First of the production Porsches, the 356/2 lit the torch the 911 still carries today: pancake engine in the rear, 2+2 seating. Like the Type 64, power was a low 40 hp, but this lively inverted-bathtub made the most of it.
James Dean died in one of these, but it's no bastard. With its light weight and the four-cam type 547 1.5-liter flat-four mounted amidships, the 550 Spyder became known as a giant killer, especially in the hands of privateer racers.
Porsche 718 RSK
An evolution of the 550, the RSK is the car Porsche would like you to think of when looking at the new Boxster's badge. Here, the 1.5-liter Ernst Fuhrmann-designed flat-four made around 140 hp, plenty for pushing the 1,200-lb open-cockpit racer past Jaguars and Maseratis.
Porsche Carrera GTS (904)
Spa. Sebring. Le Mans. The Targa Florio. The Carrera GTS was small but mighty in the sportscar racing arenas of the Sixties. It beat the pants off Ferraris and Cobras, and while later models would get six- and eight-cylinder options, the four-cylinder version was arguably the best.

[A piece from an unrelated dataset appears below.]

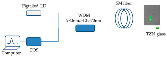 A all-fiber point temperature sensor was developed and the corresponding experimental arrangement is shown in the Figure 1. A single mode pigtailed laser diode at 976 nm was used to excite the temperature probe and its power could be regulated by a current controller. After passing through a wavelength division multiplexer (WDM, 980 nm/510–570 nm), the pumping beam enters single mode (SM) silica fiber (Corning Hi1060 specialty fiber) and subsequently excites the temperature probe. The counter-propagating green beam was detected by a miniature fiber optic spectrometer (FOS) equipped with a SONY ILX554B CCD. The temperature probe was prepared by the fiber dip coating technique. First, the surface protective layer on the tip of SM silica fiber was removed, and then the fiber tip was rapidly immersed in the molten Er3+/Yb3+ doped TZNb glasses. Thus, a thin layer of TZNb glass on the end face of the SM fiber was formed and used for temperature sensing. The temperature of fiber probe was controlled at the range of 276–363 K.

To paraphrase Chief Clancy Wiggum, “You've got the wrong number – this is 912.” Sure, the 912 isn't a 911, but it's also lighter and cheaper to run than the six-cylinder variant. Add in the ability to use decades of VW tuner tricks to make power, and you might have the classic car solution to skyrocketing air-cooled Porsche prices.
Porsche 924 Carrera GTS
A forgotten wonder, this most-potent version of the much-maligned Audi-engined 924 is a turbo-panzer huffing out nearly 250 hp. Need more proof of its bona fides? None other than Porsche racing legend Derek Bell owned one of these for more than three decades.
Porsche 944 Turbo
Porsche parts aren't cheap, but the 944 has got to be one of the least expensive ways to get into a car with the shield of Stuttgart out front and the Turbo script out back. Handles beautifully, looks great, somehow still often overlooked.
Porsche 968 Club Sport
A development of the 944, the front-engined 968 has one of the largest production modern four-cylinder engines at three liters of displacement. The Club Sport's the one to get if you can find it. Lower, lighter—an enthusiast's stripped-down machine.
Porsche 919 Hybrid
Lest we complain too much about a current road-going four-cylinder Porsche, witness the current reigning Le Mans champion. With a turbo'd V-4 engine mated to hybrid power, the 919 has more than 500 horses on tap. Bring on the future.